Questions and Answers
Question jw5igyacjyPIFGDEjzXe
Question
A company wants to use machine learning (ML) to perform analytics on data that is in an Amazon S3 data lake. The company has two data transformation requirements that will give consumers within the company the ability to create reports.
The company must perform daily transformations on 300 GB of data that is in a variety format that must arrive in Amazon S3 at a scheduled time. The company must perform one-time transformations of terabytes of archived data that is in the S3 data lake. The company uses Amazon Managed Workflows for Apache Airflow (Amazon MWAA) Directed Acyclic Graphs (DAGs) to orchestrate processing.

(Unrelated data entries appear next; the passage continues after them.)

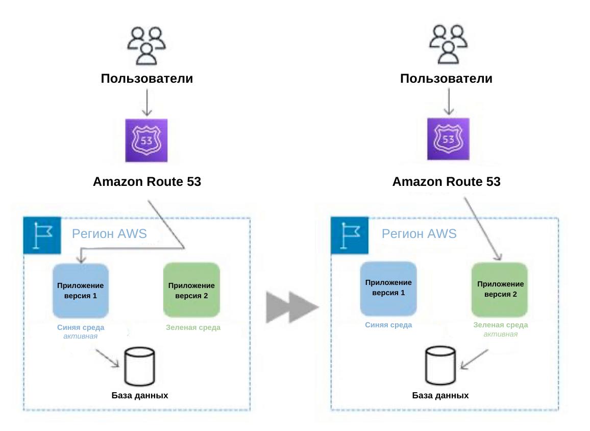 В активной среде запускается текущая версия программного обеспечения, и пользовали генерируют в ней рабочий трафик. В неактивной среде развертывается и тестируется новая версия программного обеспечения.
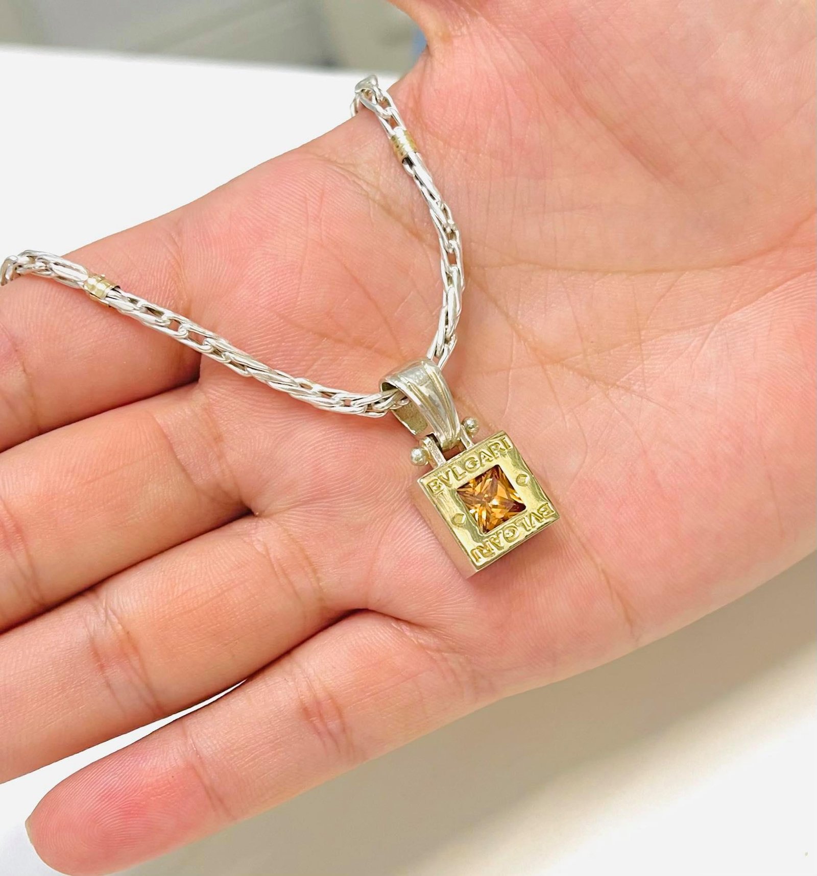 Cadena espiga con dije BVLG ambar grande Plata y Oro
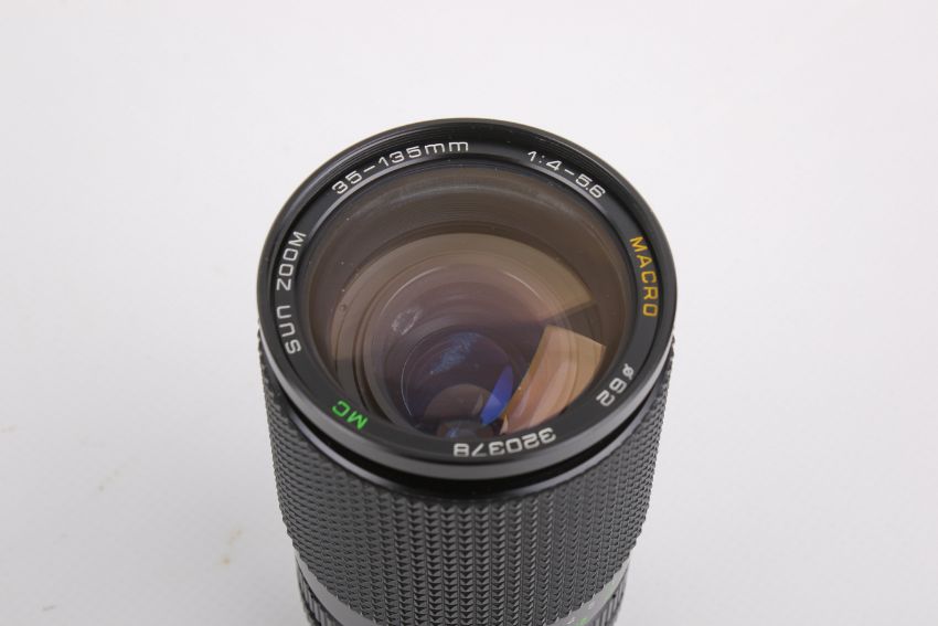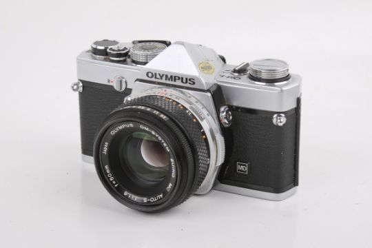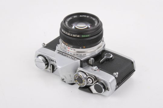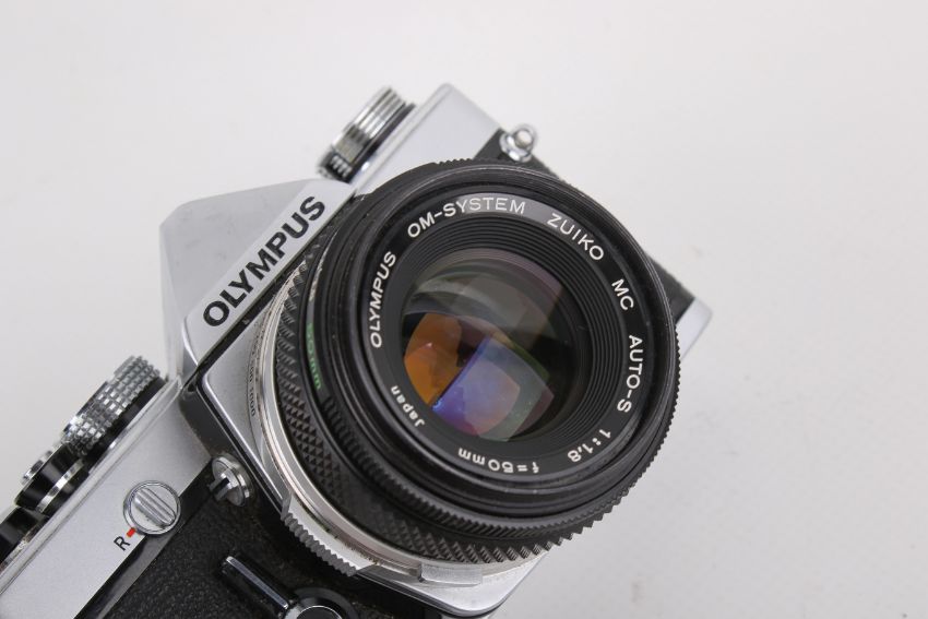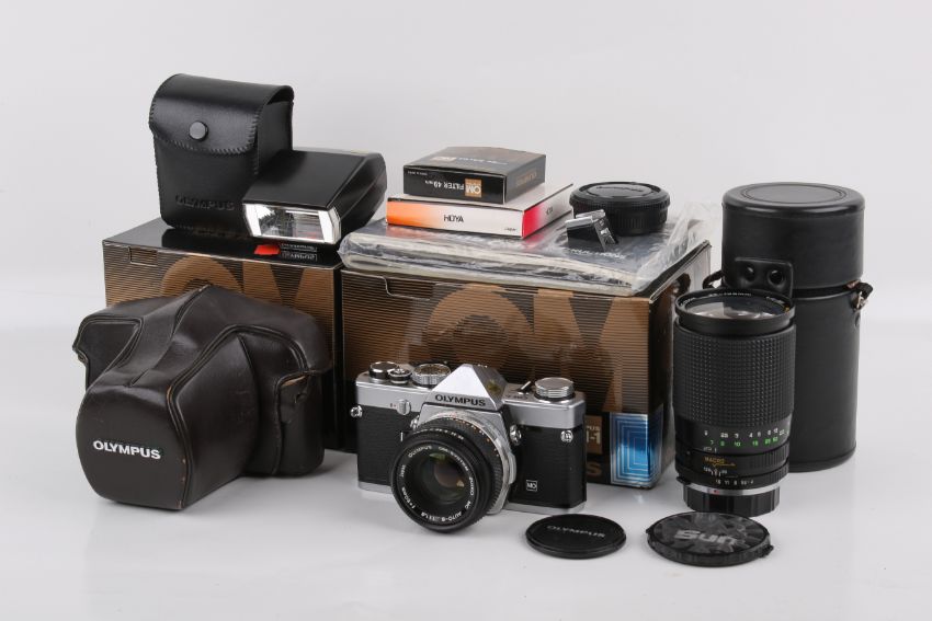 An Olympus OM-1N 35mm SLR camera outfit. Chrome. Serial number 1931357. With two lenses; an Olympus 50mm f1.8 Zuiko MC, optics F, fungus, functions well; and a Sun Zoom 35-135mm f4-5.6 MC Macro, optics G, light haze to peripheral of inner element, functions well. Together with an Olympus T20 flash, lens caps, filters, ERC, manuals, and makers box. Shutter working. Condition Report:The original polystyrene packaging is present for the camera body. Please see additional photos

Which combination of tasks should the company schedule in the Amazon MWAA DAGs to meet these requirements MOST cost-effectively? (Choose two.)
Choices
- A: For daily incoming data, use AWS Glue crawlers to scan and identify the schema.
- B: For daily incoming data, use Amazon Athena to scan and identify the schema.
- C: For daily incoming data, use Amazon Redshift to perform transformations.
- D: For daily and archived data, use Amazon EMR to perform data transformations.
- E: For archived data, use Amazon SageMaker to perform data transformations.
answer?
Answer: AD Answer_ET: AD Community answer AD (100%) Discussion
Comment 1241451 by Ja13
- Upvotes: 5
A. For daily incoming data, use AWS Glue crawlers to scan and identify the schema. D. For daily and archived data, use Amazon EMR to perform data transformations.
Here’s why:
A. AWS Glue crawlers are well-suited for scanning and identifying the schema of data in S3. They are cost-effective and efficient for daily incoming data. D. Amazon EMR is a cost-effective solution for performing large-scale data transformations. It can handle both the daily transformations of 300 GB of data and the one-time transformations of terabytes of archived data efficiently.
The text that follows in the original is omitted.